Fitness

Discover an amazing new fitness program for your body type

Discover an amazing new fitness program for your body type

Author: Canadian Living

Fitness

Discover an amazing new fitness program for your body type

Getting fit is certainly about getting healthy. But let's be honest, most women would admit that fitness is also about looking better, feeling great and improving our self esteem. We all have our body bugaboos – and personal trainers hear them all. Here are some popular ones:
• How can I reduce my abdominal fat – and risk of heart disease?
• Is there a way for me to look less, you know, hip-heavy?
• I want to tone up – everywhere.
• Can I grow a butt?

We spoke to Hamilton, Ontario-based certified personal trainer Stephanie Churchill to get the lowdown on the main fitness complaints she hears from her clients – and what fitness approaches create the best results for each body type.

Although women come in different shapes and sizes, most of us fit the description of one of four main body types: round apples, bottom-heave pears, curvy hourglasses or straigh-as-a-cereal-box bananas.

No matter what your body type, it's imperative to get to your healthy body weight in order to be in top shape. You can calculate your Body Mass Index to find out if you're already at your healthiest weight. You can learn how to decode your BMI here.

Body type: Apple
Characteristics:
• Heavier on top than bottom
• Carries extra weight around the midsection

Celeb apples: Rosie O'Donnell, Tyra Banks, Catherine Zeta Jones

Common fitness complaints:
• "Abdominal fat. Apples collect fat around their middle, which raises health concerns," since excess abdominal fat is linked to heart disease and type 2 diabetes, Churchill says.

• Even when fit, they have a less-than-taut belly.

Your fitness solution:
• Do 20 minutes of cardio warm up, then concentrate on weight training. "You can use weights to keep your heart rate up [for cardio benefits], while building lean muscle. Lean muscle burns fat, even when you're not doing anything. That's why building muscle is important for weight loss and maintenance – it speeds up your metabolism," says Churchill.

• Try a group fitness class, especially one focusing on building core strength.

Page 1 of 2 - find out great fitness programs for pear, hourglass and banana body types on page 2.Body type: Pear
Characteristics:
• Bottom heavy
• Carrying extra weight on hips, thighs and bottom
• Defined waist

Celeb pears: Jennifer Love Hewitt, Jennifer Lopez, Beyoncé

Common fitness complaints:
• Junk in the trunk!

Your fitness solution:
• Even if it's your hips that are bugging you, your prescription is a full-body workout, Churchill says. Cardio and weight training will kick your metabolism into high gear. "Add in lower body exercises like lunges and squats," Churchill says, to tone trouble areas.

Body type: Hourglass
Characteristics:
• Classically curvy with evenly balanced upper and lower body
• Defined, nipped-in waist

Celeb hourglasses: Halle Berry, Kate Winslet, Salma Hayek

Common fitness complaints:
• Although commonly considered the most coveted body shape, Churchill reports her hourglass-shape clients often complain of back pain (often from bad posture or a heavy bust).

Your fitness solution:
• Work in about 35 to 45 minutes of cardio, then move on to weight training, Churchill suggests.

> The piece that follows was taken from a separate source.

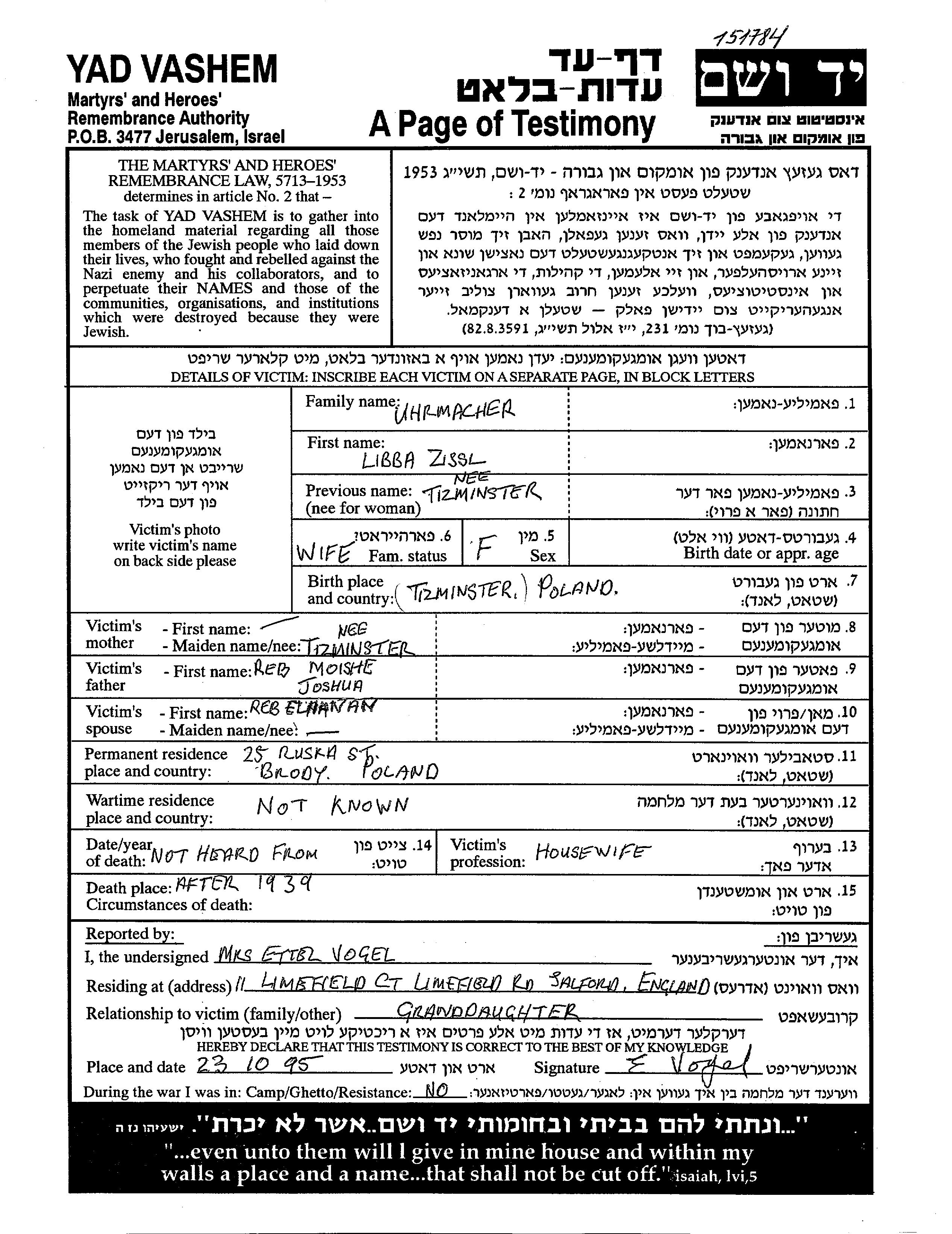 Libba Zissl Uhrmacher, geb. Tizminster wurde in Polen geboren. Sie war die Tochter von Moishe Joshua. Sie war Hausfrau und mit Elhanan Verheiratet. Vor dem Zweiten Weltkrieg lebte sie in Brody, Polen. Während des Krieges war sie in Brody, Polen.

• "Build your core strength and strengthen your back muscles," with seated rows, chest presses using hand weights while seated on a bench or balance ball, or floor exercises like planks.

Body type: Banana
Characteristics
• A non-curvy rectangular build
• Evenly balanced upper and lower body with minimal waist definition
• Build ranges from boyish model-type to sturdier athletic build

Celeb bananas: Cameron Diaz, Hilary Duff, Sheryl Crowe

Common fitness complaints:
• Not enough curves

Your targeted solution:
• "Broaden your shoulders, tone your butt and bring your waist in" to create a toned but curvier-looking figure, Churchill advises. Overhead presses and upright rows will work your shoulders. Squats and lunges will help tone your butt, hips and thighs. Tighten your midsection with core work.

• Combine cardio and weight training in every workout. Many bananas fear weight lifting might cause them to bulk up, but it's unlikely you'll train hard enough (or consume enough protein) to get that effect, Churchill says. But you will gain lean muscle – which in turn will speed up your metabolism to burn more fat.